Task requirements: The required result is an exact copy of the lines from the one containing "- Mango de extensión" to the last line of the records, both ends included, without pictures.

Data provided START

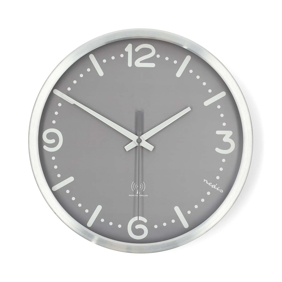 Klockan har en elegant ram i rostfritt stål och ger ett rent, professionellt utseende som passar in i många olika inredningsstilar. Den grå urtavlan har ett vitt index med hög kontrast bestående av siffror, ränder och prickar, vilket ger en utmärkt läsbarhet - även på avstånd.
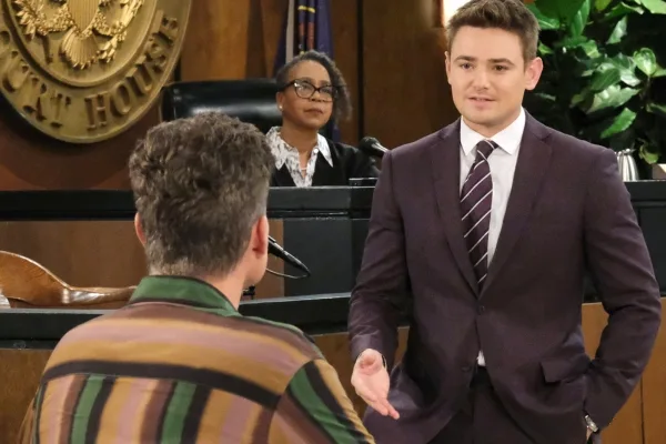 Leo (Greg Rikaart) speaks with the bailiff.
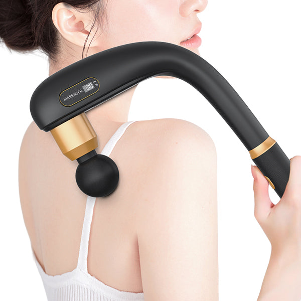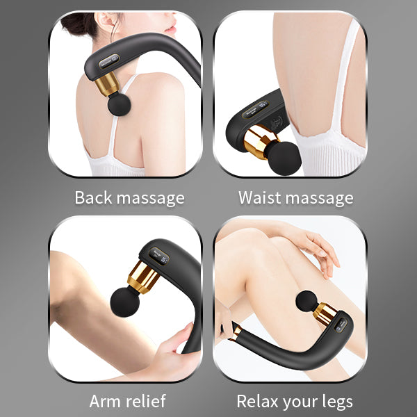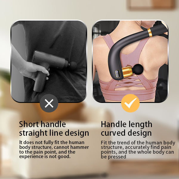 - Mango de extensión y diseño ergonómico: nuestra pistola de masaje cuenta con un mango alargado de fácil agarre con una curva ergonómica de 120° que te permite alcanzar y masajear profundamente sin esfuerzo áreas de difícil acceso como los hombros, el cuello, la parte inferior de la espalda, la espalda y los pies, lo que te ayuda a aliviar rápidamente el dolor después del entrenamiento y relajarte eficazmente.
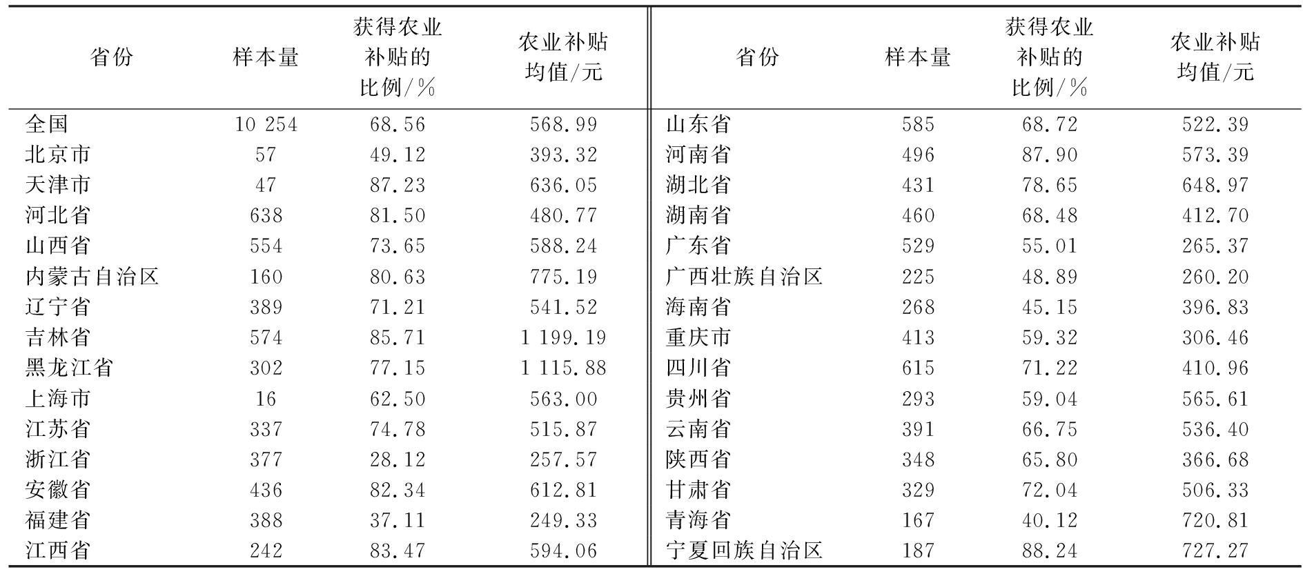 注:农业补贴比例为该省份获得农业补贴的家庭占总家庭数的比例;农业补贴均值为该省份获得农业补贴的家庭的平均值。
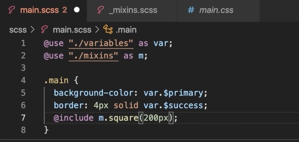 - 중첩 => @mixin에 다른 @mixin을 @include를 사용해 가지고 올 수 있다.
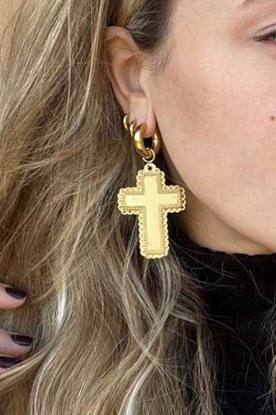 - These chunky 22k gold vacuum plated stainless steel hoops are fitted with removable, handcrafted 12k antiqued gold plated steel Italian cross charms. These earrings are on the heavier side, definitely not an everyday pair but a yes, yes, yes for that party or special dinner!

Data provided END

The completed task:
 - Mango de extensión y diseño ergonómico: nuestra pistola de masaje cuenta con un mango alargado de fácil agarre con una curva ergonómica de 120° que te permite alcanzar y masajear profundamente sin esfuerzo áreas de difícil acceso como los hombros, el cuello, la parte inferior de la espalda, la espalda y los pies, lo que te ayuda a aliviar rápidamente el dolor después del entrenamiento y relajarte eficazmente.
 注:农业补贴比例为该省份获得农业补贴的家庭占总家庭数的比例;农业补贴均值为该省份获得农业补贴的家庭的平均值。
 - 중첩 => @mixin에 다른 @mixin을 @include를 사용해 가지고 올 수 있다.
 - These chunky 22k gold vacuum plated stainless steel hoops are fitted with removable, handcrafted 12k antiqued gold plated steel Italian cross charms. These earrings are on the heavier side, definitely not an everyday pair but a yes, yes, yes for that party or special dinner!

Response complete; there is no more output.